- Opening Delimiter -

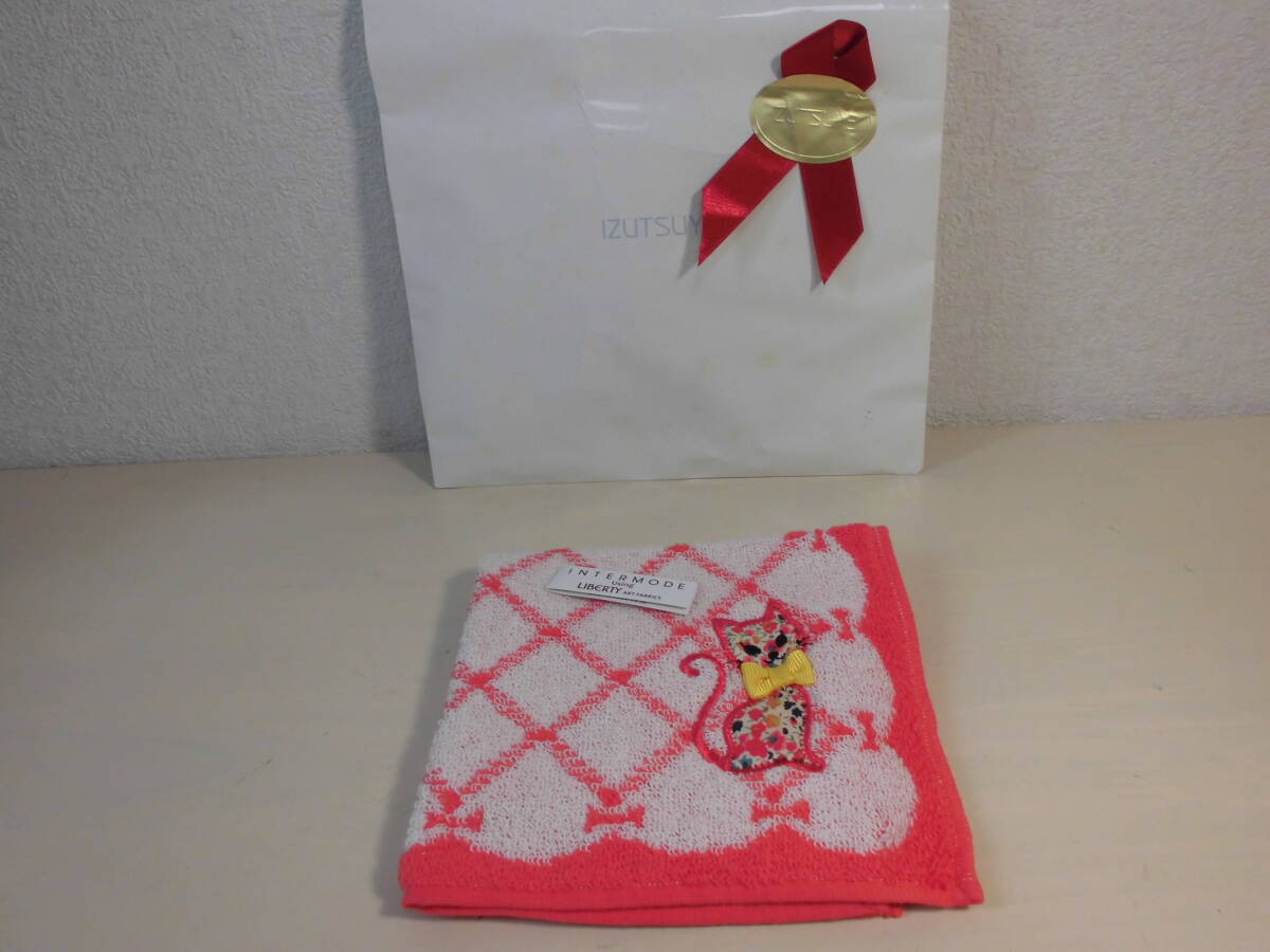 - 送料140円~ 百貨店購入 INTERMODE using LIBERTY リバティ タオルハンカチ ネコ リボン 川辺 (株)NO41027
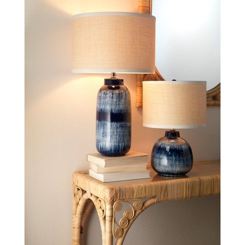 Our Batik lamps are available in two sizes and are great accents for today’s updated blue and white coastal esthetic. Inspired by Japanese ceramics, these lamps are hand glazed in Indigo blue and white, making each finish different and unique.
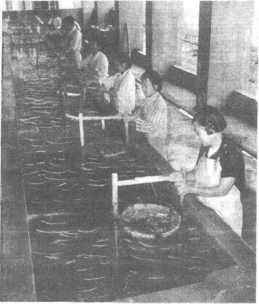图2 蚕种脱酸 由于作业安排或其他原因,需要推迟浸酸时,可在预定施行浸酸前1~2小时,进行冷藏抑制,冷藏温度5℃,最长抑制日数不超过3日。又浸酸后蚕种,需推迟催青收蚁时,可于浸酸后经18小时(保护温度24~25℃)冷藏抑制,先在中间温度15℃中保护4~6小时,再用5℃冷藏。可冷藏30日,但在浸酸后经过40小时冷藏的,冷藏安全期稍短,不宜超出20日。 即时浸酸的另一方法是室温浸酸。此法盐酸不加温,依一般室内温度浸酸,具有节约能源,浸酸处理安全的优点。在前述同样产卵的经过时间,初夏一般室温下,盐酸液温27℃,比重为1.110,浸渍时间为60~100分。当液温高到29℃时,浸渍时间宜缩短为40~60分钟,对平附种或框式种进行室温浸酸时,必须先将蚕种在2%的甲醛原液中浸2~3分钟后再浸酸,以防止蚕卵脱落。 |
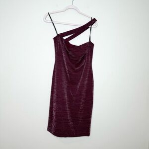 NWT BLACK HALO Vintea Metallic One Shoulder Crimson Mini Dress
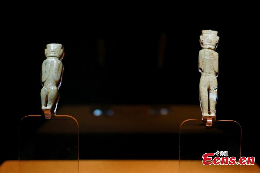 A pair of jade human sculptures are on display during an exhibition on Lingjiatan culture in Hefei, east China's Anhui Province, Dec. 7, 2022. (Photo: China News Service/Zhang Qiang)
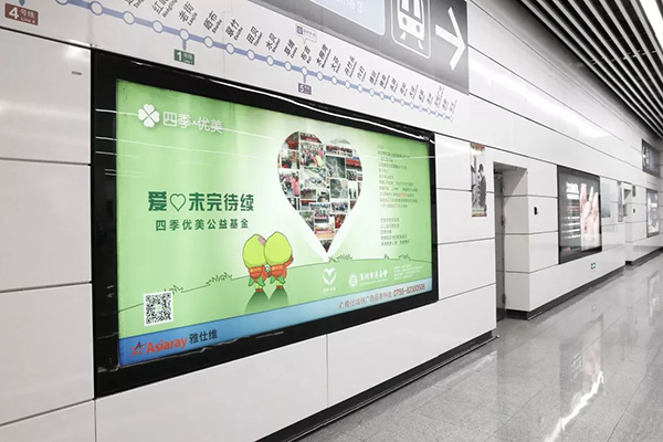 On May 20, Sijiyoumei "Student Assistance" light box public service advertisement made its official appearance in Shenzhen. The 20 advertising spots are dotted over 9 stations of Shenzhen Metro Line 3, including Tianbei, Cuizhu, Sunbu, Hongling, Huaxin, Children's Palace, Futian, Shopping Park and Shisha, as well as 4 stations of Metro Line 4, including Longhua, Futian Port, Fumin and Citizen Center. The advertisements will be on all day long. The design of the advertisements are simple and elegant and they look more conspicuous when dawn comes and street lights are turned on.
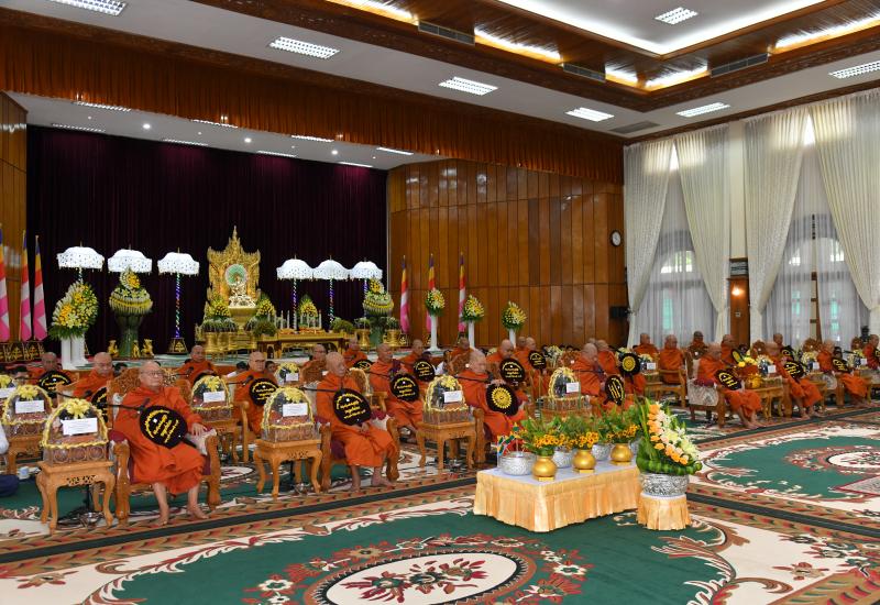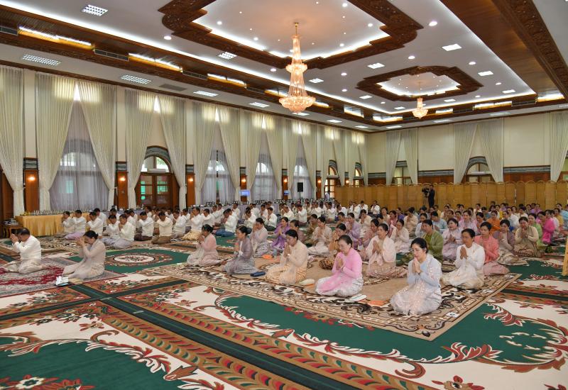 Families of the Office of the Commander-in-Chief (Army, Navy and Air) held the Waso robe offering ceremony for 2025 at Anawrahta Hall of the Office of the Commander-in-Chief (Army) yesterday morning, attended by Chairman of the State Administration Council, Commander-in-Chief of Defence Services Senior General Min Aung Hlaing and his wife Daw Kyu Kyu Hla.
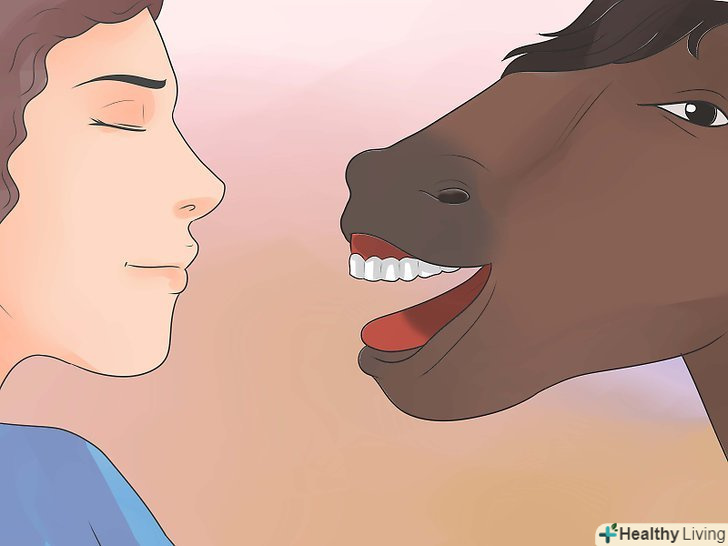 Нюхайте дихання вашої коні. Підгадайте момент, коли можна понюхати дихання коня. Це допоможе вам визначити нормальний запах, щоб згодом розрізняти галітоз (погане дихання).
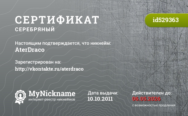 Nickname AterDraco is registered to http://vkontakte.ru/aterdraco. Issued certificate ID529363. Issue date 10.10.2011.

- Closing Delimiter -

__EXERCISE BRIEF__. Write out the whole listing again, exactly, with no pictures.

__EXERCISE ANSWER__.
 - 送料140円~ 百貨店購入 INTERMODE using LIBERTY リバティ タオルハンカチ ネコ リボン 川辺 (株)NO41027
 Our Batik lamps are available in two sizes and are great accents for today’s updated blue and white coastal esthetic. Inspired by Japanese ceramics, these lamps are hand glazed in Indigo blue and white, making each finish different and unique.
图2 蚕种脱酸 由于作业安排或其他原因,需要推迟浸酸时,可在预定施行浸酸前1~2小时,进行冷藏抑制,冷藏温度5℃,最长抑制日数不超过3日。又浸酸后蚕种,需推迟催青收蚁时,可于浸酸后经18小时(保护温度24~25℃)冷藏抑制,先在中间温度15℃中保护4~6小时,再用5℃冷藏。可冷藏30日,但在浸酸后经过40小时冷藏的,冷藏安全期稍短,不宜超出20日。 即时浸酸的另一方法是室温浸酸。此法盐酸不加温,依一般室内温度浸酸,具有节约能源,浸酸处理安全的优点。在前述同样产卵的经过时间,初夏一般室温下,盐酸液温27℃,比重为1.110,浸渍时间为60~100分。当液温高到29℃时,浸渍时间宜缩短为40~60分钟,对平附种或框式种进行室温浸酸时,必须先将蚕种在2%的甲醛原液中浸2~3分钟后再浸酸,以防止蚕卵脱落。 |
 NWT BLACK HALO Vintea Metallic One Shoulder Crimson Mini Dress
 A pair of jade human sculptures are on display during an exhibition on Lingjiatan culture in Hefei, east China's Anhui Province, Dec. 7, 2022. (Photo: China News Service/Zhang Qiang)
 On May 20, Sijiyoumei "Student Assistance" light box public service advertisement made its official appearance in Shenzhen. The 20 advertising spots are dotted over 9 stations of Shenzhen Metro Line 3, including Tianbei, Cuizhu, Sunbu, Hongling, Huaxin, Children's Palace, Futian, Shopping Park and Shisha, as well as 4 stations of Metro Line 4, including Longhua, Futian Port, Fumin and Citizen Center. The advertisements will be on all day long. The design of the advertisements are simple and elegant and they look more conspicuous when dawn comes and street lights are turned on.
 Families of the Office of the Commander-in-Chief (Army, Navy and Air) held the Waso robe offering ceremony for 2025 at Anawrahta Hall of the Office of the Commander-in-Chief (Army) yesterday morning, attended by Chairman of the State Administration Council, Commander-in-Chief of Defence Services Senior General Min Aung Hlaing and his wife Daw Kyu Kyu Hla.
 Нюхайте дихання вашої коні. Підгадайте момент, коли можна понюхати дихання коня. Це допоможе вам визначити нормальний запах, щоб згодом розрізняти галітоз (погане дихання).
 Nickname AterDraco is registered to http://vkontakte.ru/aterdraco. Issued certificate ID529363. Issue date 10.10.2011.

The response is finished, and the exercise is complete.